That is a grim vision of a near future blight. However, I think it is also an interesting critique of democracy in general and of certain elements in particular. This whole sequence of power getting more powerful was not supposed to have happened. We were supposed to be immuned to power’s tyrannic nature by, for example, being a society of more & better educated people. eg People that can ask and question power, people that can read, write and share ideas freely and independently. People that can demand more than just survival from society and their culture. Though perhaps we were too fixated by appearance, performance – ie freedom of expression, rather than fearless freedom – the illegitimacy of power to intimidate.
We were supposed to have personal, economical, social, judicial, cultural, artistic, technological and educational frequencies and sequences made of checks and balances.
There is an argument that these were undermined, with the help of various conservative types of all political spectrum, and now we are left with a zombie democracy. A democratic being devoured of its character, one that can only hope to live forever being based on the very missingness of its former vitalities. When once democracy, for example, offered a civil process from forms of exploitation – at home, at work, in culture, health, etc. – current democracies offer rituals, eg elections, and an occupying process to de-emancipate the individual, social, and cultural freedoms – in the name of private capitalisation.
Like a Kafkaesque tragic sequence, the one when they 1st came for the aliens, then the migrants, etc. – the paradigm of occupation by power has shifted progressively towards whatever is left to be occupied.. It used to be other people’s lands, now it is your educational, cultural and health services.
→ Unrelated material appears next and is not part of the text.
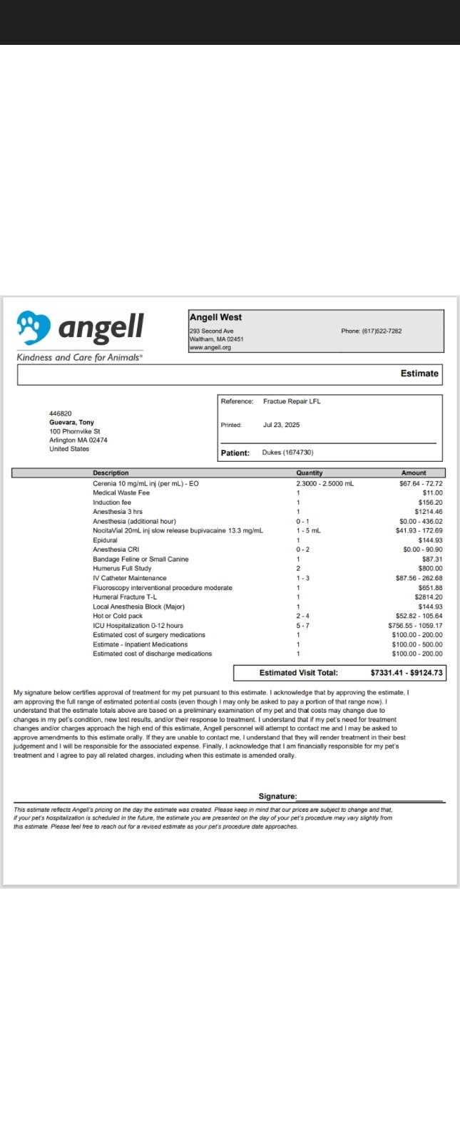 I was also given the option of amputation of his left arm or euthanization. I have immediately dismissed and ruled out those two options.

However, the very fact that former freedoms have collapsed into defensive, hence ground losing procedural processes, eg defence rather than an expansion of nhs, a question of how much to pay rather than what else can be financially freed in education, keeping certain “gained” rights – rather than adding to them, etc. allowed politicians of conservative ilk, like blair and co, to claim that there is nothing else to be done but keeping freedoms, as if we – as societies – are already free. (eg forgetting freedom is a practice rather than an object or a process leading to some particular outcome..)
That is why I think the rather rapid collapse of, for example, free university education, via the ability to undermine the idea of free education – indicates something was mistaken in the initial sequence and/or its rhythm, something that allowed altering the elements back to the being paid sequence of educational delivery model.
Or perhaps Nothing, 0, was wrong in the sequence itself – but the practice was/is the bane.. These are questions that the authoritarian critique brings up, and make vibrantly relevant.
I think this is a rather dark yet remarkable material to come from, because the quick, visceral, brutal and violent conservative-capitalistic critique of basic assumptions, is an opportunity to invigorate democratic processes and questions, from the bottom up. To, for example, go back from the notion of free culture and sequence it in perhaps a tighter way. However, even if it ultimately fails – the very drive to question, is a turn from the radical perspective. (ie the Arendtian notion of non-conservative life of radical elements..)
A process that can allow, for example, to question assumptions, maybe assumptions that mutated into presumptions, perhaps get new ones, be assumptive free, or even question being a process, etc..
For me, perhaps via some affinity to dark sense of humour, the darker and the more anti-democratic our times are becoming, the more this process could be taken as a critique to spur on, rather than despair further into rituals of hope. Though when it comes to hope, its a fools’ sequence..
After-all, as my friend reminded, we are of a certain age and generation that lived through a rather unique time-space. A time of relative peace & prosperity (for us, not others that paid for these 2xPs with their lives..) That came via a long and violent struggle for the ability of have this process of sharing common emancipatory sequences. And a place, eg “the west”, where all these elements came together. It is unique because, despite all its deficiencies, pit-falls and hypocrisies – the time-space of ever more equality and emancipation, is uber un-usual in the life of our planet in general and, despite the overall insignificance yet rather fun-full, life of humans – in particular..
Perhaps as “members” of that generation, we owe to others, at least the drive, the move to have the seeming privileges we had – eg free health and some education?
However, perhaps we have lost – or on the losing trajectory of – these elements, precisely because they are essentials being mistaken as privileges..?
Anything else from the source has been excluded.